President Biden on Tuesday opened the 75th anniversary summit of NATO by acknowledging the decade-long leadership of the outgoing secretary-general, Jens Stoltenberg, with the Presidential Medal of Freedom, the highest civilian award of the U.S.

In a moment that appeared to take the secretary-general by surprise, Biden invited Stoltenberg up on stage of the Mellon Auditorium during his remarks at the ceremony kicking off the three-day summit, which is celebrating the alliance’s milestone but is focused on supporting Ukraine in its defensive war against Russia.

“The secretary has guided the alliance through one of its most consequential periods in its history. I realized, talking to your wife, I personally asked you to extend your service, forgive me,” Biden said and gained a laugh from the audience.

“You put your own plans on hold when the Russian war in Ukraine began, you didn’t hesitate. Today NATO is stronger, smarter and more energized than when you began. And a billion people across Europe and North America, indeed the whole world, will reap the rewards of your labor for years to come, in the form of security, opportunity and greater freedom,” Biden said.

“For these reasons, I’m pleased to award you the highest civilian honor the United States can bestow, the Presidential Medal of Freedom.”

Stoltenberg, a former prime minister of Norway, will be succeeded this year as secretary-general by Mark Rutte, former prime minister of the Netherlands.

Stoltenberg stepped into the NATO leadership role in 2014, when Russia launched its first invasion of eastern Ukraine and took over the Crimean Peninsula, taking the alliance by surprise.

That event led to the NATO pledge for each member state to commit to spending 2 percent of gross domestic product on domestic defense spending, a goal that Stoltenberg announced will be reached by 23 of NATO’s 32 member states in 2024.

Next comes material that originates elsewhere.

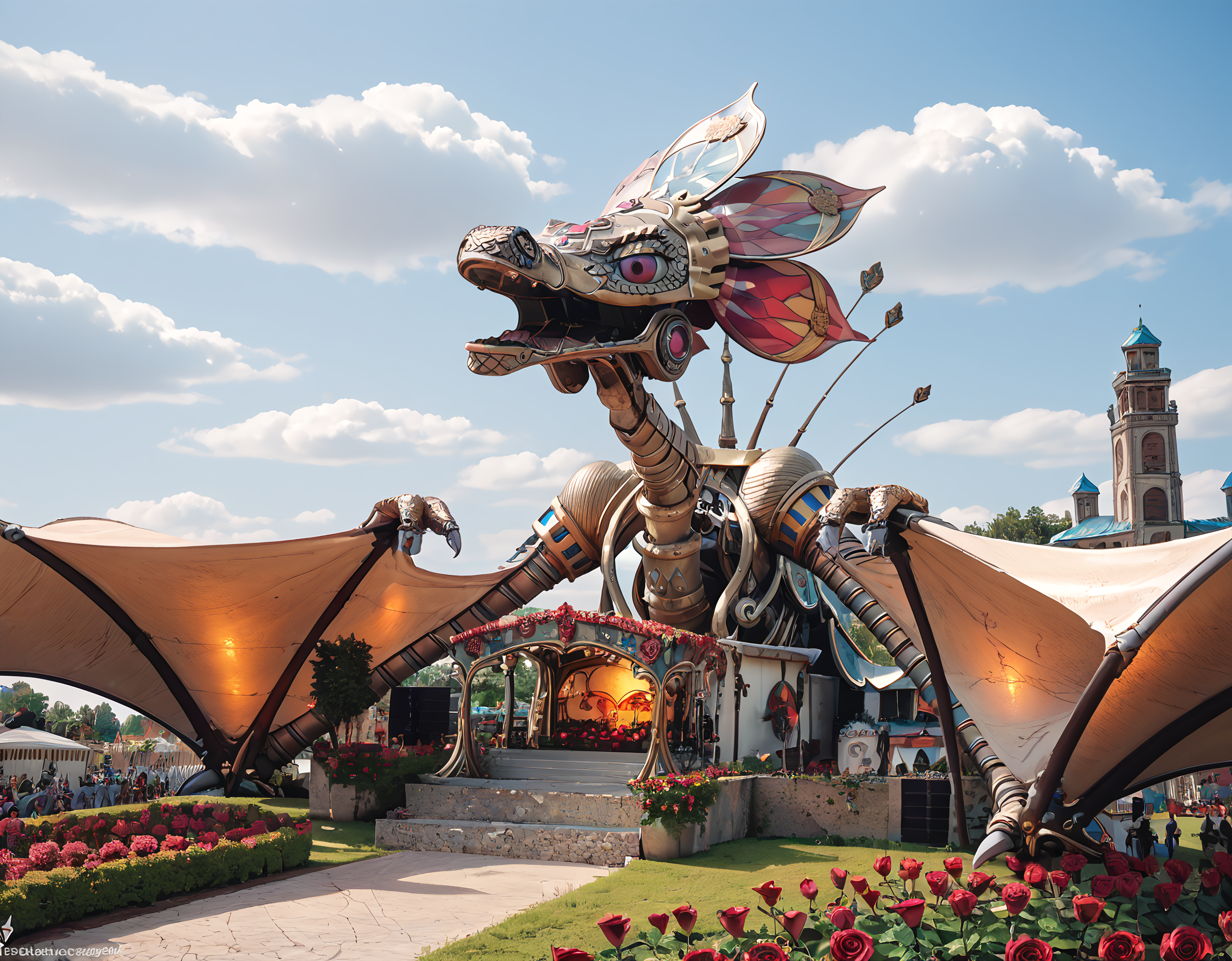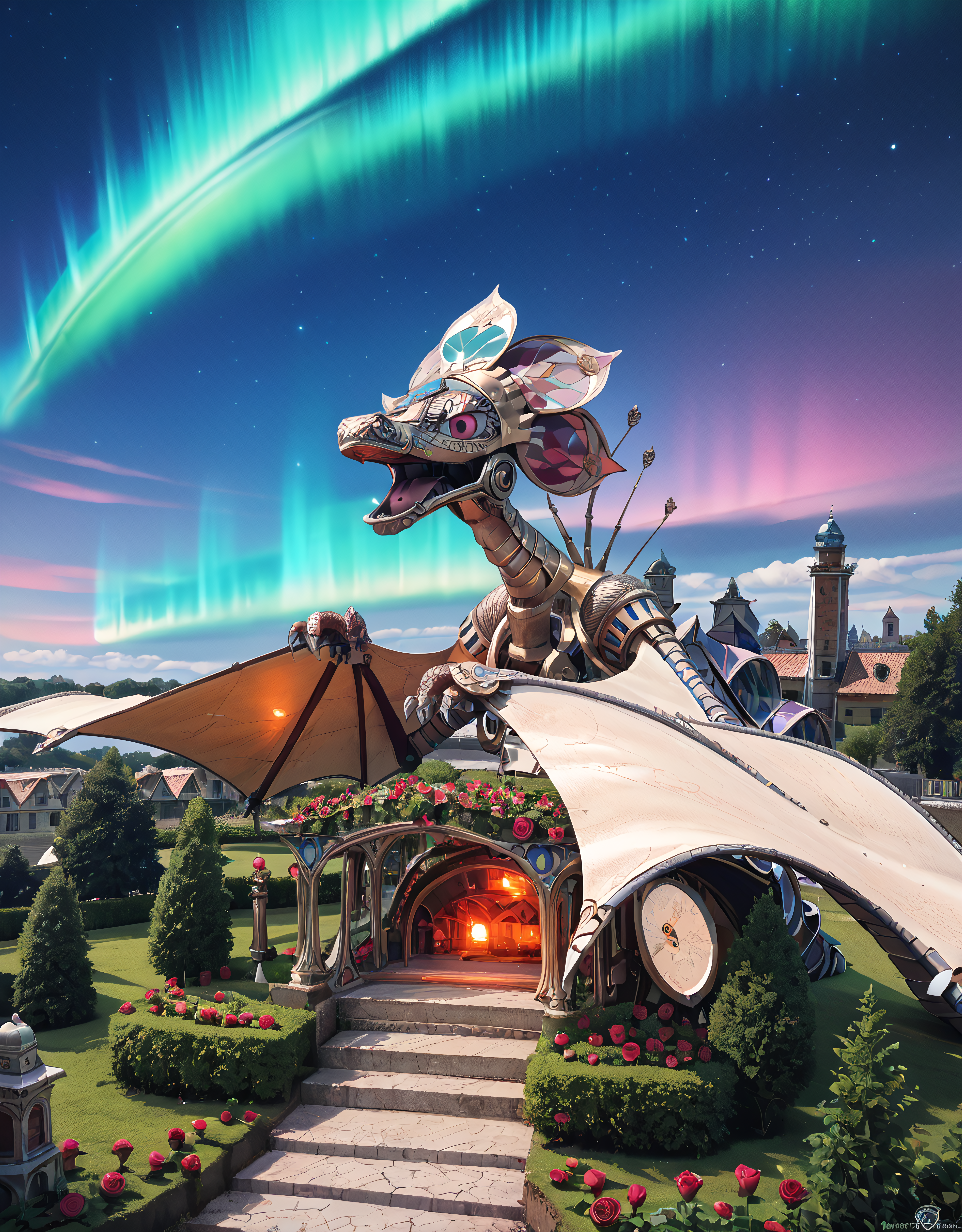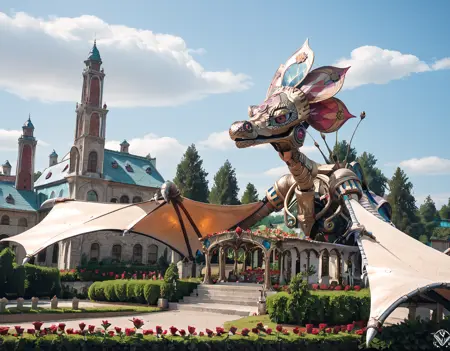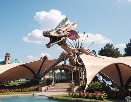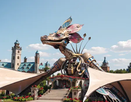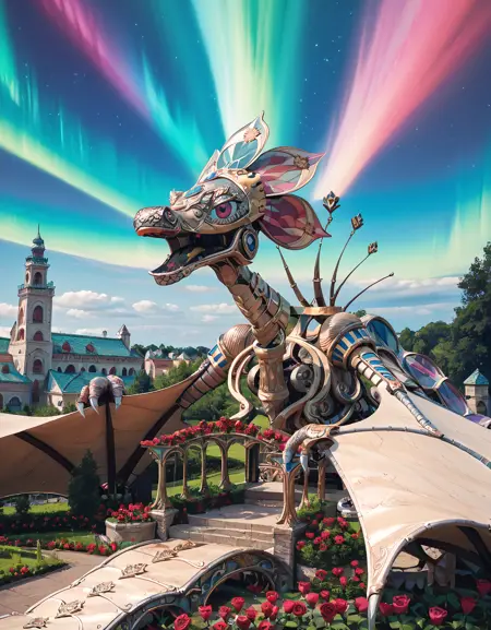 투모로우랜드 팀이 설계하고, Fisheye가 제작 및 구현한 로즈 가든은 우리 스스로 말하더라도 기술적 걸작이라고 부를 만하다. 드래곤의 눈, 입, 아가미 및 머리의 모든 방향 움직임이 조화롭게 통합되어, 우리가 자체 개발한 전용 소프트웨어로 제어된다.

The secretary-general is credited with leading the alliance amid political attacks throughout the years — from French President Emmanuel Macron’s assertion that the alliance is “brain-dead” in 2019 and former President Trump holding back a commitment to NATO’s Article 5 mutual defense pillar.

The alliance’s mission of operating by consensus has, at times, been hijacked by Turkey and Hungary, who most recently delayed the accession of Finland and Sweden over political demands.

In remarks at the opening ceremony, Stoltenberg laid out the stakes for the alliance for the summit, which is focused on scaling up support for Ukraine to survive Russia’s war of aggression. The alliance is expected to announce a significant package of military and financial assistance and new commitments to bring Ukraine closer to joining NATO, but has held back a formal invitation over concerns of provoking Russian President Vladimir Putin.

“Let’s be honest, not even our support for Ukraine has been a given, it is not straightforward because our support comes with costs and risks,” Stoltenberg said.

“The reality is that there are no cost-free options with an aggressive Russia as a neighbor, no risk-free options in a war. And remember the biggest cost and the greatest risk will be if Russia wins in Ukraine. We cannot let that happen.”

“Our alliance is not perfect, and we’ll continue to face difficult decisions in the future,” he continued.

“I don’t know what the next crisis will be but I do know that we are at our best when we take difficult decisions with political courage and moral clarity, and I know that we are stronger and safer together in NATO. It is good to have friends.”